_Supplied records_
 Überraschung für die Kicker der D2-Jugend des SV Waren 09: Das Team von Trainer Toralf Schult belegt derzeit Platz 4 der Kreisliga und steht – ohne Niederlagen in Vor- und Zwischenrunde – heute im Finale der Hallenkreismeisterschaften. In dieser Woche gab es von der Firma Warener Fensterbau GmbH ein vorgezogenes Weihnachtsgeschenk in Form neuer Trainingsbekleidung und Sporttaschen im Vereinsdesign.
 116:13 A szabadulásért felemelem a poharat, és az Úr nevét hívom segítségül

---

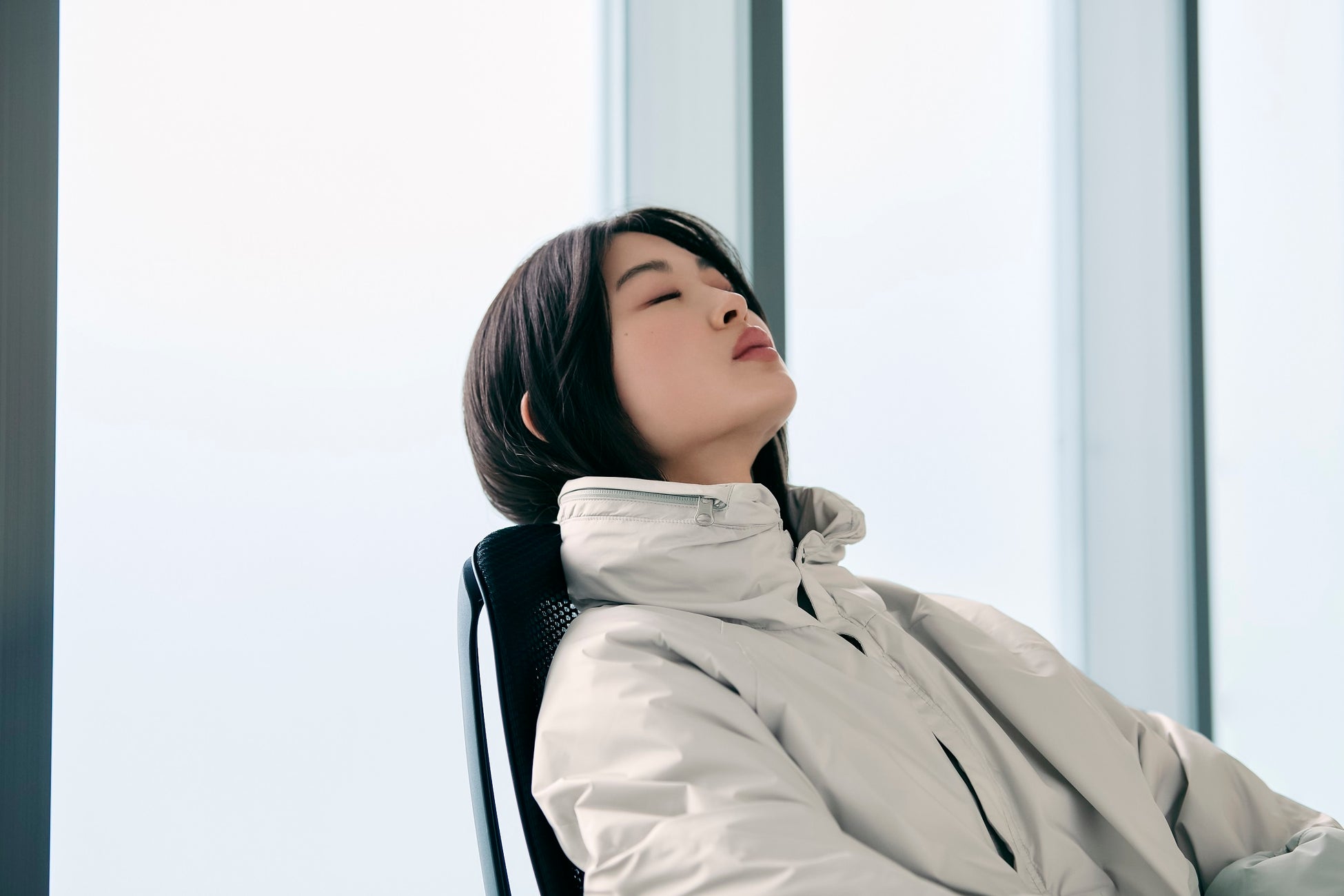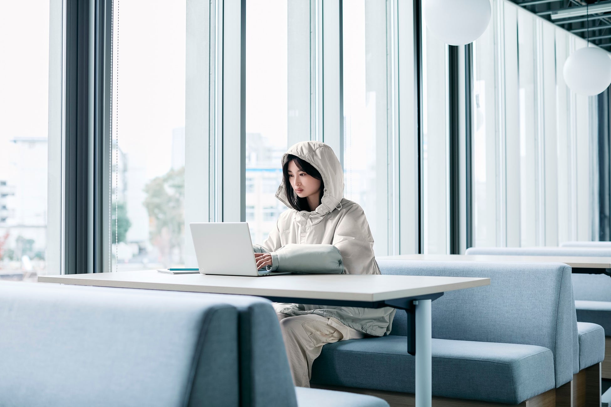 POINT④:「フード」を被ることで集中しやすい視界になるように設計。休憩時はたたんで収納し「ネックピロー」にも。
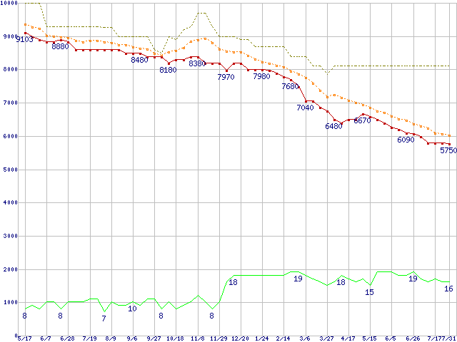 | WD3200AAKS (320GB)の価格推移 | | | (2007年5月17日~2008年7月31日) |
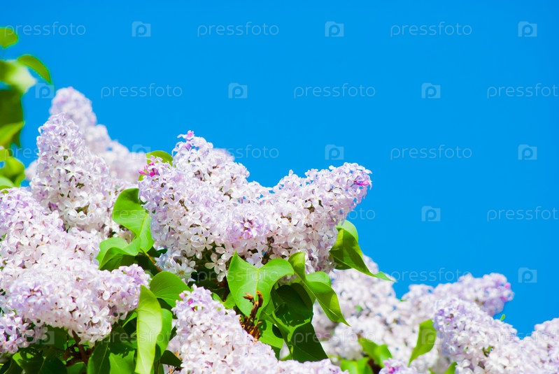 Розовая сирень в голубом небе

--

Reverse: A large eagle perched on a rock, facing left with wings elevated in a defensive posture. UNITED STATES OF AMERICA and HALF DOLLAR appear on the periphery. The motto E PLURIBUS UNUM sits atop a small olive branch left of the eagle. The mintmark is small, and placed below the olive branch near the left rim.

_Task to complete_
Within the listing above, copy exactly the lines that start at the one with "POINT④:「フード」を被" and continue through the one with "Розовая сирень в голубом небе". Omit pictures.

_Answer below_
 POINT④:「フード」を被ることで集中しやすい視界になるように設計。休憩時はたたんで収納し「ネックピロー」にも。
 | WD3200AAKS (320GB)の価格推移 | | | (2007年5月17日~2008年7月31日) |
 Розовая сирень в голубом небе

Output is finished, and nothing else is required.